The oral therapy is intended for high-risk hematological cancer patients.
The first patient has been dosed in a new phase 1 clinical trial from SNIPR BIOME, exploring safety and tolerability of SNIPR001, an orally administered CRISPR-based therapy.1
The therapy, which had been previously granted fast track designation by the FDA back in January 2022,2 is intended to reduce colonization of E. coli in the gut in a high-risk population of patients with hematological cancer at risk for neutropenia.
Being developed in partnership with CARB-X, SNIPR001 targets and eliminates E. coli in the gut in order to help prevent transfer of the bacteria to the bloodstream, where it can result in life-threatening infection.
The phase 1 clinical trial (NCT05277350) has a target enrollment of 36 healthy volunteers who will be randomly assigned to receive 1 of 3 ascending doses of SNIPR001 or placebo twice daily for 7 days. Follow-up will be conducted over 6 months following the last dose.
The primary end point is safety and tolerability through day 35, including severity of adverse events and medically attended adverse events. Additional secondary outcomes are AEs through day 187, as well as functional quantification of the study drug in blood, feces, and urine.
“E. coli was recently highlighted as one of the leading pathogens associated with anti-microbial-resistance and death in a systematic review published by the scientific journal The Lancet, so there is an urgent need for new medicines targeting E. coli,” said SNIPR BIOME cofounder and CEO, Christian Grøndahl, in a statement.
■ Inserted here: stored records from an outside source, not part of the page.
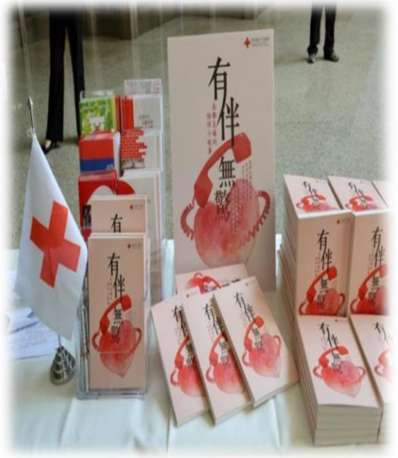
出版《有伴無驚-高雄氣爆的 30 個陪伴小故事》。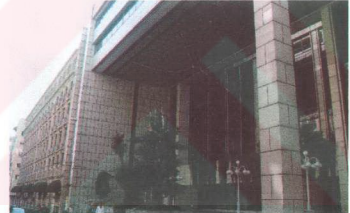
Fotoğraf 9. İstanbul Nişantaşı'nda düzenlenen yaya sergisinden örnekler-Güney (2002:25-27)'den alınmıştır.

Festivalleri İzmir özelinde incelediğimizde İzmir'de de birçok festival yapıldığı görülmektedir. Bazıları yıllardır yol alırken, bazıları ise maddi olanaksızlıklar nedeni ile zaman içerisinde unutulmaya mahkum olmuştur. Blues, Avrupa Caz, Kısa Film, Avrupa Filmleri, Tiyatro Günleri ve Uluslararası İzmir Festivali ile çeşitli zamanlarda kent merkezinde hareketlilikler görülmektedir. Bu yıl 18. kez kutlanan İzmir Festivali düzenlenenlerin en ünlüsü ve eskisidir. Bu festivale İzmir Kültür Sanat ve Eğitim Vakfı'nın (İKSEV) katkıları büyüktür. Son yıllarda sanatsal ve kültürel etkinliklerin sayısının oldukça fazla olduğu düşünülürse duvar resimleri, heykel, rock, gençlik, kukla veya yaya sergileri adı altında birçok temada festivaller de düzenlenebilir. Çok fazla kişi tarafından bilinmemesine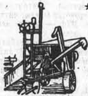
Больше узлов в деталях для зерновых комбайнов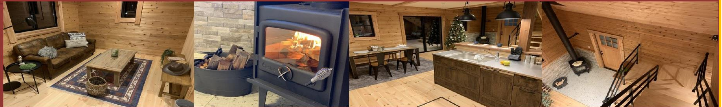
多目的用途で使える半個室コーナーでリラックス 本物の温かみを感じられる薪ストーブ 約40㎡の広々としたリビング・ダイニング 開放感のある吹抜け、家族との絆も深まります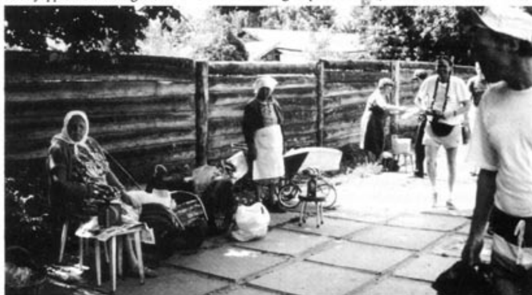
Gatuhandel i Suusdal.

Ombord på SAS-planet njuter jag av den fräscha inredningen, av maten och kaffet. □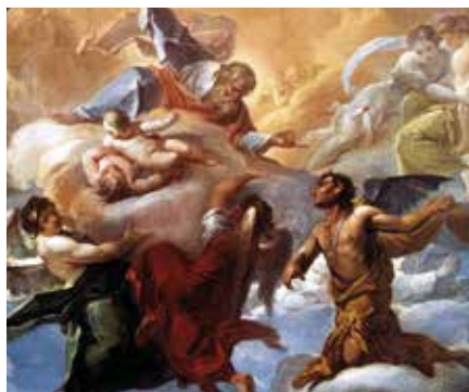
Corrado Giaquinto: Satan před Bohem (1750)

nejslavnějšího díla křesťanské literatury potká v osmém kruhu pekla papeže Mikuláše III., jenž vězí do půl těla hlavou v zemi, neboť se dopouštěl svatokupectví. Podobná muka v odporném podsvětním žlebu prý čekají také na Dantovy papežské současníky Bonifáce VIII. a Kle-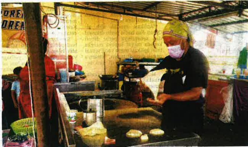
PENIAGA roti canai di Arau semalam mula bimbang sekiranya bekalan tepung gandum yang didakwa hanya mampu bertahan setakat Julai ini benar-benar berlaku.

lan tepung gandum hanya mampu bertahan sehingga Julai sahaja. Kalau ia benar-benar berlaku, kami tidak ada pilihan lain terpaksa berehatlah daripada membuat roti canai.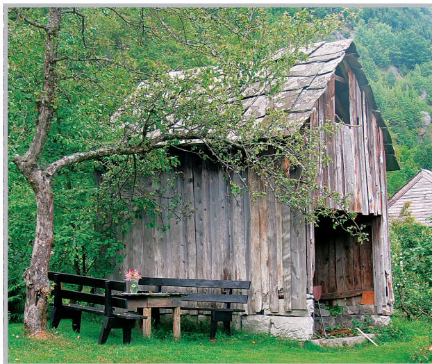
Selv ubehandlet trevirke av billig kvalitet får et funksjonelt og estetisk tilfredsstillende resultat når det brukes på den rette måten i de rette sammenhengene. ”Tilstrekkelighetsprinsippet” illustrert ved Agatunet, Ullensvang i Hardanger.

bruk og optimal ressursutnyttelse er vesentlige elementer i tilstrekkelighetsprinsippet.

The investigational therapeutic utilizes SNIPR BIOME’s proprietary CRISPR/Cas technology that essentially programs the adaptive immune system to target and kill bacteria based on their specific genome, in turn avoiding unintended targets and leaving the rest of the microbiome intact. SNIPR utilizes DNA-based CRISPR-guided vectors to illicit a rapid kill response.
In addition to this specific indication, SNIPR BIOME can also harness its technology to modulate the microbiome, including selectively killing disease-associated bacteria or the introduction of therapeutic proteins and peptides.